I am going to be installing my new Blue Thunder intake this weekend, and I was just wondering. I got the SCE gaskets for the port surface and rubber China Wall gaskets. Last year I used a little Black Permatex to seal the ports, but I was told to use Edelbrock Gasgacinch. Has anybody used The Gasgacinch for their intake? I found out the hard way last year that the SCE gaskets do not have the holes for the pins in the heads, I had to hurry up and punch holes while the Permatex was setting up. But now my gaskets look like they have wetness stains around the ports from the Permatex, so I want to try something different that won't stain or deteriorate the gaskets. The first set of gaskets I used were the edelbrock paper gaskets, and the bottom lip of the ports split on me and started sucking oil into the ports. The SCE gaskets are working well so I'm going to use another set for this intake.
 I can only comment on my experience with a factory 4V intake reseal. When my engine was rebuilt, they used the rubber end seals, which subsequently leaked, so I had to redo it myself. I used a FelPro gaskets valley pan set with Permatex 2 gasket maker around the ports as RTV silicone does NOT stand up to gasoline. I then sealed the ends with "The Right Stuff". Expensive, but the best product for the job. The result is I have zero leaks, oil or vacuum.

If you can, post a pic of the Blue Thunder intake.
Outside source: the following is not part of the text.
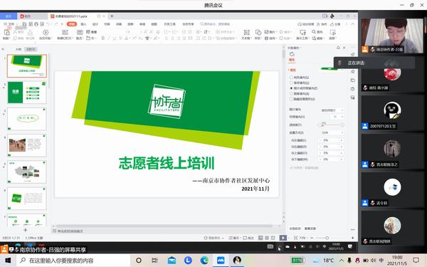 115日晚,南京协作者”暨高校社团志愿者培训会于线上开展参与此次会议的人员有南京协作者吕强李雪南京林业大学社会工作协会6名志愿者william威廉英国官网社会工作协会23名志愿者以及南京邮电大学青志联义教组14名志愿者。
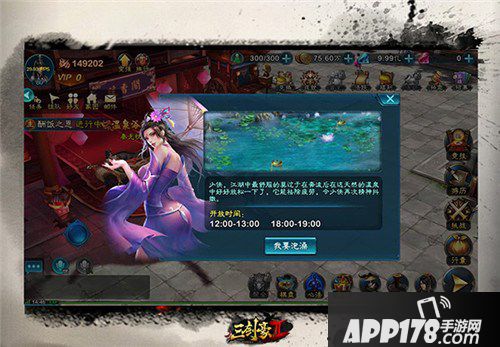 温泉开启后,在收益时间内进入即可获得经验,中途可通过购买道具提升经验加成。

Thanks and hope this helps you.

Geoff.

 
I think it says on the permatex to not use if in direct contact with gas. Yes I always use Gasgacinch and just the metal turkey pan (no paper gasket) for intake. I just wish I know how to pronounce Gasgacinch......

 
I think it says on the permatex to not use if in direct contact with gas.  Yes I always use Gasgacinch and just the metal turkey pan (no paper gasket) for intake. I just wish I know how to pronounce Gasgacinch......
 Yes, Permatex RTV is not, but the Permatex 2 Form-a-gasket say it can be used anywhere. It is non-hardening as well. I've had no issues with it. BUT if I need to do an iintake manifold again, I'll look for the Gasacinch or whatever it is from Edlebrock, which was obviously made for the job.

 
Gasgacinch is used to hold the gasket in place while installing the manifold, it is still up to the gasket to provide the seal.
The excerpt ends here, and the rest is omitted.